Your negotiating committee met with the MSSS representatives on Tuesday, December 19, for the fourth full day of collective bargaining since late September 2023. We left the session deeply disappointed, to put it politely.
Disappointed by the careless attitude of our counterparts, who undertake to produce documents or present positions so as to move the negotiations forward, but turn up empty-handed at the next meetings, as if it were business as usual.
We presented our overall negotiating objectives in detail more than a year back, in November 2022. Since then, we have constantly explained and re-explained our objectives, tabling more than a dozen documents containing numerous proposals at the Negotiating Table. On the Ministry side, one solitary document was tabled, and that was back at the June 2023 session! That document set out some vague principles, couched in administrative jargon, such as “optimization of services,” “responsible management of resources,” “modernizing the collective agreement” and, what appears to form the Ministerial mantra, “maintaining the service offering”, repeated on December 19, to justify their opposition to any adaptation of work and call duty hours that might help in the least to alleviate residents’ crazy workload.
While the other public sector unions are nearing the end of the road with respect to questions of salary and work organization, our negotiations are far from reaching that point. And that’s not because we haven’t done everything possible to move the negotiations forward more quickly. But it’s always complicated to negotiate with counterparts who are manifestly unfamiliar with the reality experienced by our members—despite our explanations, repeated ad nauseam.

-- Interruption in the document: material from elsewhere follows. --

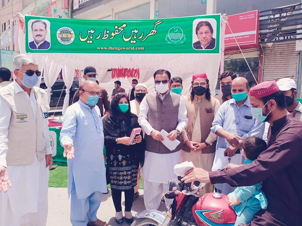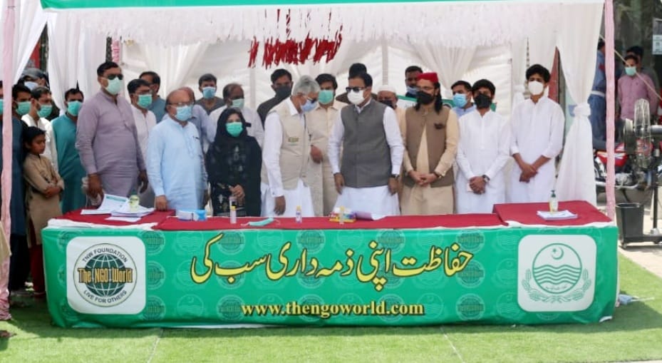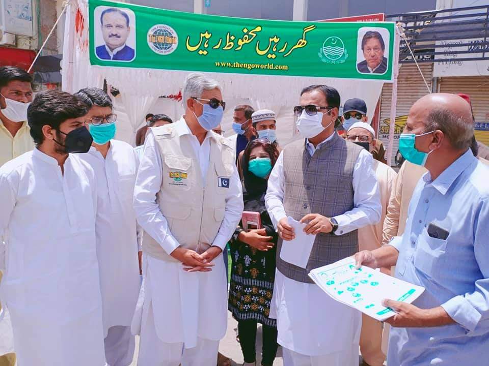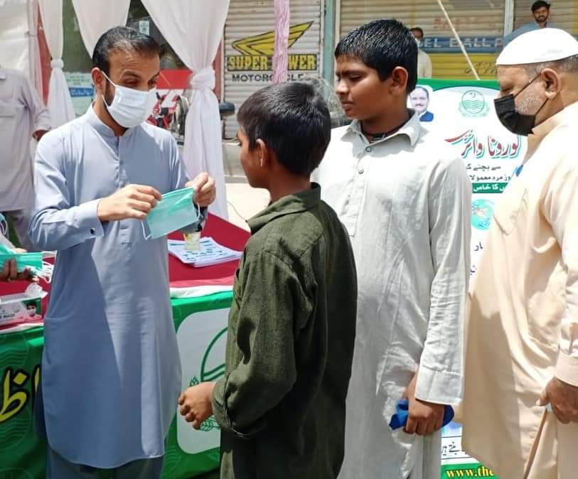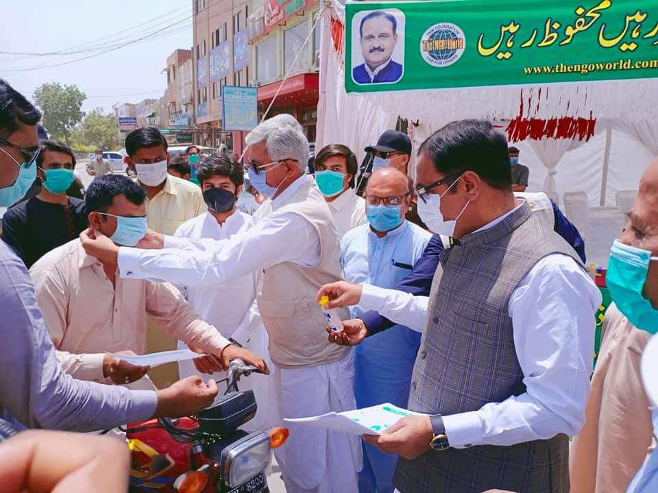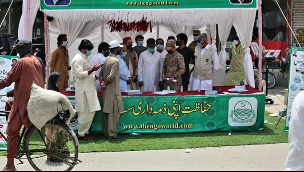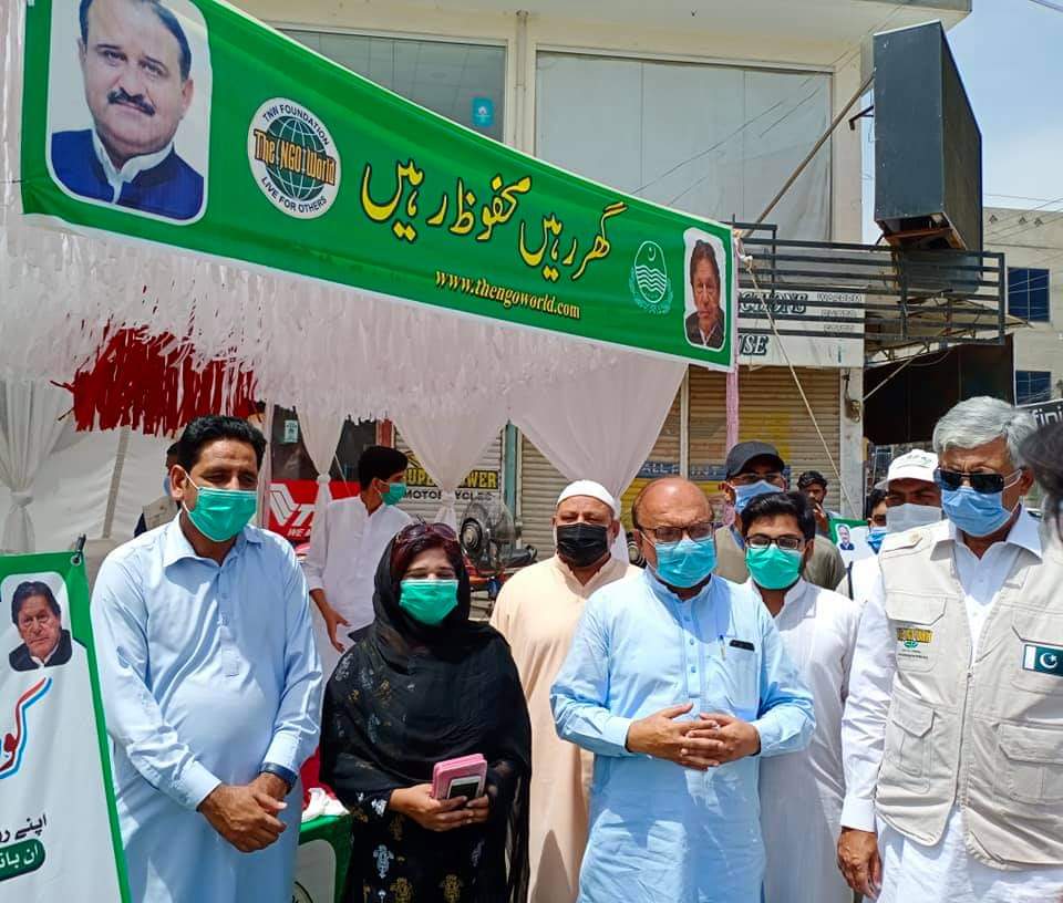May 10, Khanewal: A camp has been set up by The NGO World at Girls College Chowk in Khanewal in connection with the Corona Rescue Awareness Campaign. Officials of The NGO World Foundation briefed the general public on the precautionary measures and restrictions on SOPs. Lieutenant Uzair Ahmed, Member District Steering Committee Malik Masood Chauhan, Dr. Akhtar Hussain, Mr. Rao Ijaz Ahmed, Senior Journalist Imtiaz Ali Asad, Mr. Tahir Naseem, Mr. Nadeem Mughal and a large number of Tiger Force soldiers were also present in the camp Pir Zainul Abidin, former District Bar President Azhar Abbas Khan, Ms Shamail Shah and other social figures also paid special visits.

At this stage, we’re prepared to show patience and understanding, since it’s true that resident doctors’ reality is unique in our healthcare system, but the lack of any real developments in the negotiations at the December 19, 2023 bargaining session nevertheless highlights the question of how seriously the MSSS representatives are taking our negotiations.
So, last Tuesday, we reiterated that they need—very soon—to have more concrete mandates to move the negotiations forward in a meaningful way. Because to judge by their performance to date, we have to conclude that, together with you, our colleagues, we will all have to apply political pressure in order to make our impatience known, and clearly to resort to tried and true pressure tactics if we’re to have any hope of getting things moving.
So keep any eye out for the Info Nego newsletters that will be coming your way early in the New Year. We’ll be in a position to assess the situation more accurately after the next bargaining session, scheduled for late January 2024.
In the meantime, we hope you’ll be able to take a little time for yourselves, and with your loved ones, despite the sustained workload you have to bear. In closing, we wish you all the joy of the Holiday Season.